# HP Deskjet 940c druckt nicht (3 LEDs blinken wild)



## GRSnordicViking (28. Mai 2018)

Hallo zusammen,

Jahrelange leistet uns nun schon der
HP Deskjet 940c treue Dienste.

Heute streikt er jedoch.
Wenn er an ist, (ohne Verbindung zum PC) leuchtet von 3 Leuchten die rechte (Power) Leuchte durchgehend grün. die beiden daneben sind aus.
So soll es auch sein.

FEHLER: Sobald man den Drucker über USB mit meinem Windows10 PC verbindet blinken alle 3 Leuchten wild durcheinander und er rührt sich nicht mehr.
Das ist neu, vorher ging alles problemlos...
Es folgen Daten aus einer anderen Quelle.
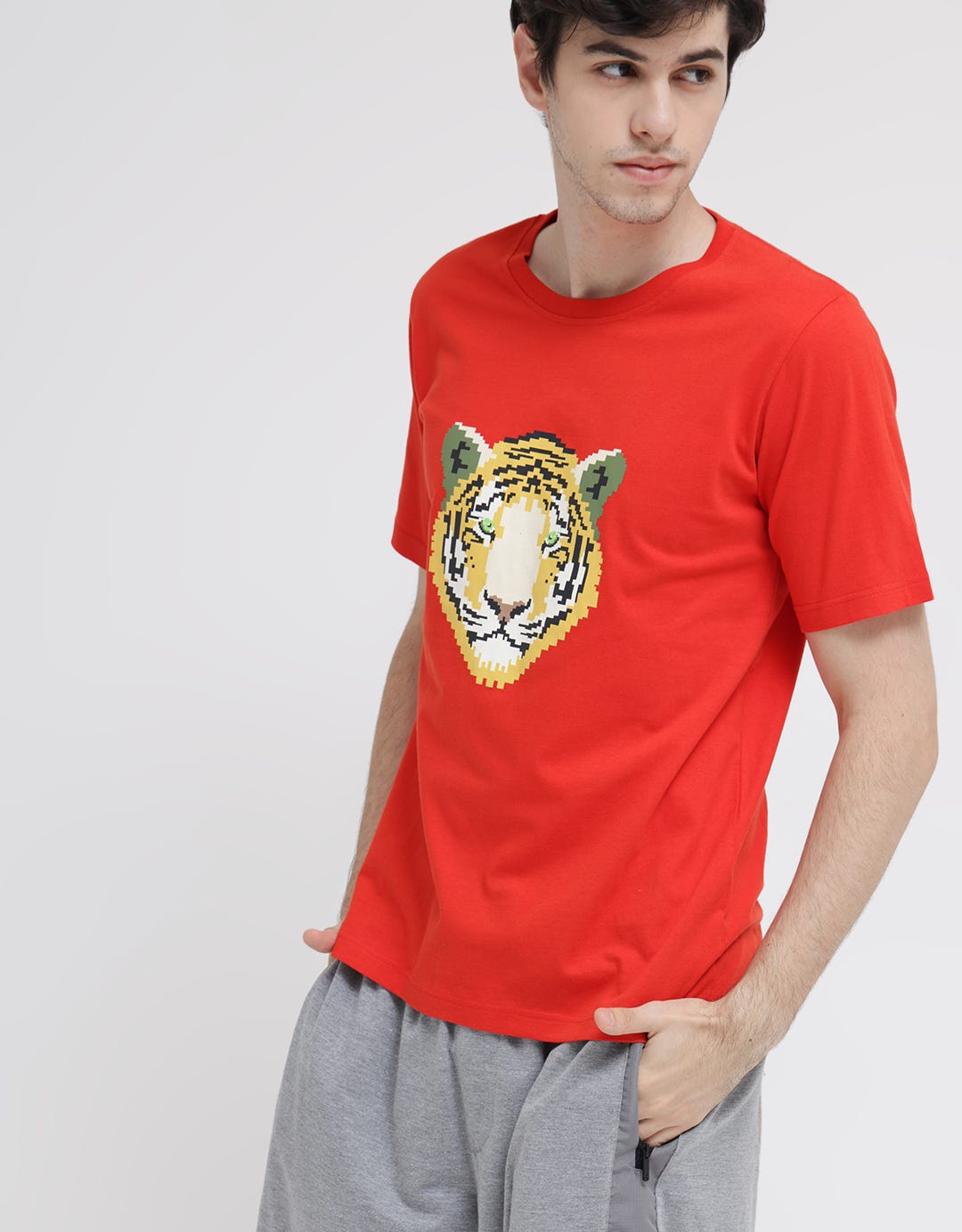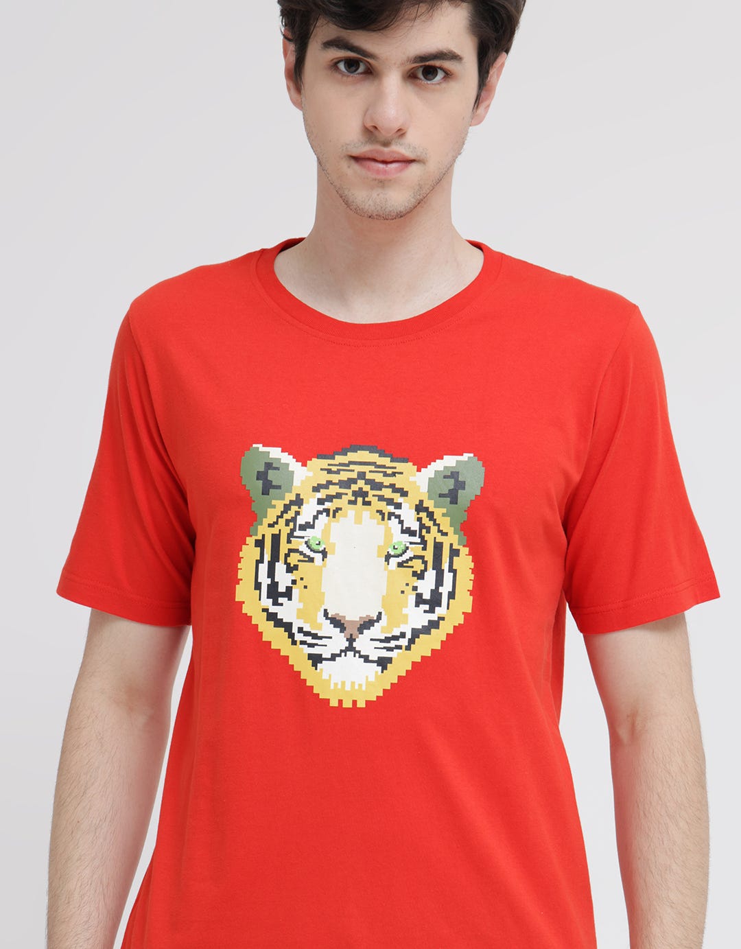 T Zone Short Sleeve T-Shirt Print Theme Pixel Art - Tiger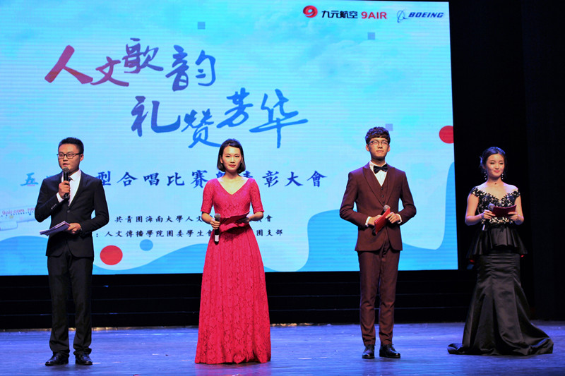 晚会正式开幕前,首先播放了人文传播学院团委一年以来的回顾总结视频,展示了人文团学风采。五四大型合唱比赛暨表彰大会在Air音乐社特邀嘉宾的歌曲表演中正式拉开帷幕。本次晚会由各年级各专业分别派出一支团队以合唱比赛的形式向观众呈现,由评委进行打分,最终评选出各参赛队伍的名次。整场晚会高潮迭起,互动不断,给在场的观众带来了一场精彩的视听盛宴。15级汉语国际教育带来的歌曲串烧《side to side》充分彰显了当代新青年大胆而自信的姿态;16戏剧影视文学专业的同学带来的朗诵与合唱《恰同学少年》,带我们回味了芳华少年;17级新闻传播学类同学的歌舞《不忘历史不负芳华》以旁白、舞台剧、合唱的形式,展现了不同时代的青春歌韵;中场由笑声工作坊的同学演绎的相声《绿色出行》号召我们践行绿色环保,在笑声中享受绿色生活;17级戏剧影视文学专业带来的合唱《上下五千年》,向我们展示了华服之美,再现康桥之上徐志摩的思念;最后,伴随着团学青成员带来的歌舞串烧《明日不害怕》,本次合唱比赛表演环节圆满结束。在评委们公平、公正的评分下,比赛结果也在大家的期待中公布。17级戏剧影视文学队伍以本场最高分获得比赛一等奖。17级中国语言文学类一、二班,17级新闻与传播类一、二班凭着优异的成绩获得二等奖,其他各专业表演团队收获三等奖和优秀奖。此外,通过“海大人文青年”微信平台进行的节目网络投票评选的“最具人气奖”由16级戏剧影视文学专业队伍获得。

Wer hat einen Tipp für Nomaluser wie mich?

Vielen dank.


----------



## GRSnordicViking (28. Mai 2018)

An meinem Win10 Laptop funktioniert drucken normal, nicht jedoch an meinem PC.
Muss also irgend ein Treiberproblem an meinem PC sein.


----------



## Talhuber (28. Mai 2018)

Hi, ich würde den Drucker im Geräte-Manager komplett deinstallieren, sobald Du den Drucker wieder angeschalten hast, sollte Win10 den neuen Treiber automatisch installieren...


----------